A parent interviewed in the video said, ”if you want your child to do big things, give them the correct tools, give them the correct language so that they can find information and knowledge easier.”

The government’s lack of backbone and commitment to the English language takes away the tools for these children to realise their full potential.

The recent news of more than 1,000 trainee doctors dropping out of medicine due to their frustration at not being able to cope and communicate in a field which is predominantly using English, is not surprising.

That 68 per cent of employers have turned down a potential new hire due to their lack of command or proficiency of the language, is not surprising.

More than 95 per cent of the 54,250 respondents who took part in the Pemandu survey agreed that there is a need for better proficiency and increased exposure to the English language in school.

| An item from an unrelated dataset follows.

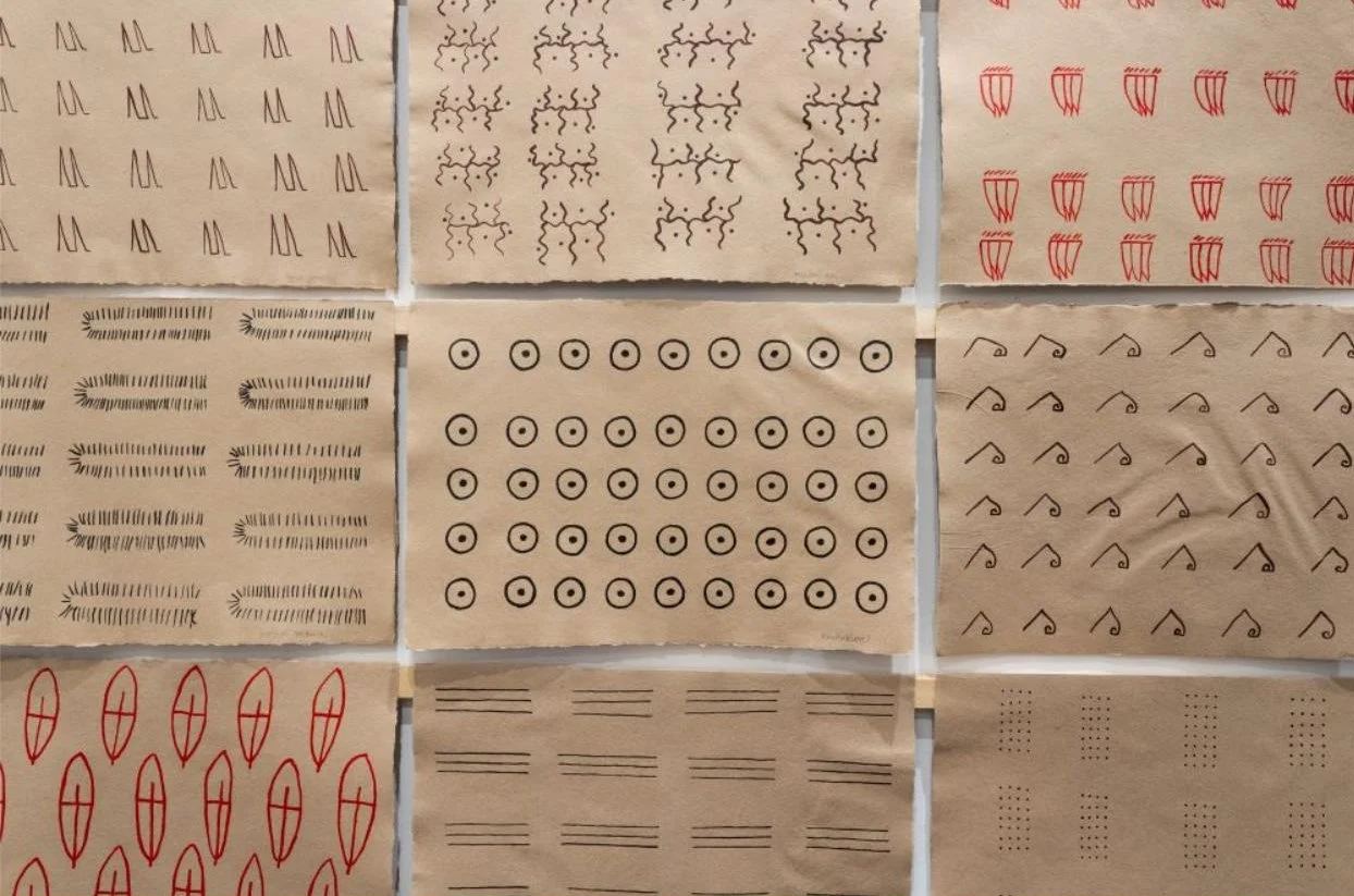 Sheroanawe Hakihiiwe, Kamie ya uriji pi jami Parawa ujame theperekui uriji ter- imi thepe komi kua (Where I live in my jungle and in the Orinoco river all these animals also live), 2018, Acrylic on 79 sheets of cane fibre paper, 35 x 51 cm each.

Let’s not pretend that any of this is surprising. It’s just that our politicians live in a bubble and prefer a reality much different than our own.

Listen to the hopes, dreams and aspirations of the students, their parents and teachers. “Kita nak sama taraf, berdiri sama taraf dengan orang lain dalam segi Bahasa Inggeris,” said a parent with great dignity.

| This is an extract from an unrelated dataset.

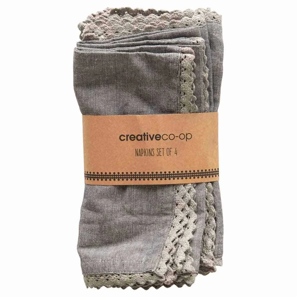 Four 18″ square cotton napkins with lace trim in charcoal. Perfect gift for weddings or birthdays, or treat yourself.

I shed a tear listening to the teacher who said, “Oh my God, please help me. When I enter the school area, I pray... Help me. Help me. I cannot do it alone.”

That is the reality facing many teachers teaching English in our country today. Despite their courageous commitment and steadfast dedication to their students, they often stand alone. They deserve better.

The constant politicisation of the education system has resulted in unsustainable initiatives and half-hearted programmes subject to the whims and fancies of the politicians who helm the Ministry of Education. Already there is talk of slow retreat from the ambitious Malaysia Education Blueprint (2013 — 2025) simply because it was developed and championed under the aegis of former Deputy Prime Minister and Education Minister Tan Sri Muhiyiddin Yassin.

How many more pilot projects or programmes does the Ministry of Education need? How many times does it need to convene roundtable discussions, dialogues, consultations? The professionals and educationalists at the Ministry already know what is needed.

At the end of the videos, Pemandu calls for drastic action to address the deteriorating situation.

An MoU will be signed during Indian Prime Minister Narendra Modi’s upcoming visit to Malaysia which will see hundreds of English teachers from India teaching in rural schools across the country for two years as yet another pilot project. Who knows? Maybe that will do the trick. One thing I do know is that there are no shortcuts to education.

But here’s my suggestion. I call for the appointment of a professional educator as an English Language czar to replace the current Minister of Education and Deputy Minister as the lead to address this crisis. Their lacklustre response to the videos thus far reflects the lack of interest, urgency and moral courage that they have on this issue. Honestly, they just do not inspire confidence.

The czar should be a single point person to oversee all efforts to improve the proficiency of the English language in Malaysian schools. As a professional educator, she or he will be value-driven, guided by principles, passion, commitment to education and a purpose bigger than themselves.

That person will have the full mandate, power and time to make whatever changes and innovations necessary, to introduce drastic measures and bring in the full resources of the government, regardless of political consideration to do what needs to be done to ensure that our children, their parents and most importantly, their teachers get the help and support that they need.

They all deserve better from us.

* This is the personal opinion of the columnist.